Yasmin scurried out of her determined brother's way as he made a beeline for the massive bed. Even in the grip of his strong emotions, he carefully laid me on the soft bedding as if he was putting a newborn baby down for a nap. He drew the covers over me all the way up to my chin and held them there.

His gorgeous golden brown gaze captured mine and I was held completely enthralled by the intensity of his emotions swirling around those hypnotic orbs. The next words out of his mouth shocked and confused me to the core of my being.

"What that man did to you was not punishment, it was outright and blatant abuse. You did absolutely nothing to deserve the atrocities that old depraved bastard heaped on you and if he wasn't already dead, I would have gladly taken his life and spit in the Devil's face myself." He swirled away from me and demanded his sister to examine me.

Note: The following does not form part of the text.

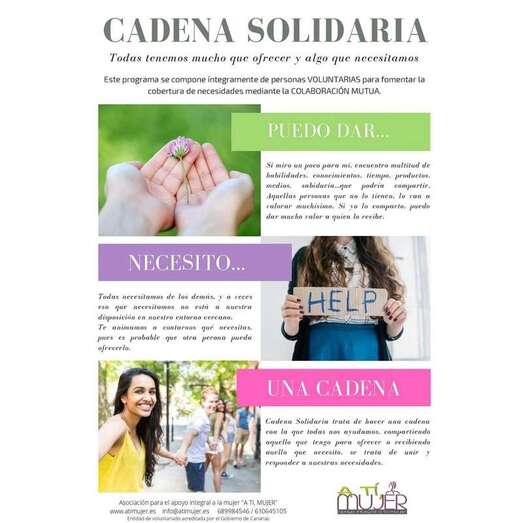 Telde.- La asociación A tí, mujer lanza el proyecto Cadena Solidaria. Una iniciativa que nace para fomentar la ayuda mutua y desinteresada entre las personas.

I didn't know what to think and I didn't know what to say as Yasmin rushed forward and gently explained what she was doing as she uncovered one part of my body or the other. My entire focus was on the man standing by the window. It was like he was trying to hold himself together with his rigid back facing the room.

I closed my eyes and I tuned out Yasmin's warm fingers as she examined me from head to toe. My muddled thoughts started to flicker in and out and I was just plain tired. Too exhausted to figure out his words or even try to. I was too tired to feel anything at all about Kamal seeing the imperfection of my horrendous body. I let my eye flutter until they closed completely, sure that I will be able to understand everything better in the morning once I could think straight again.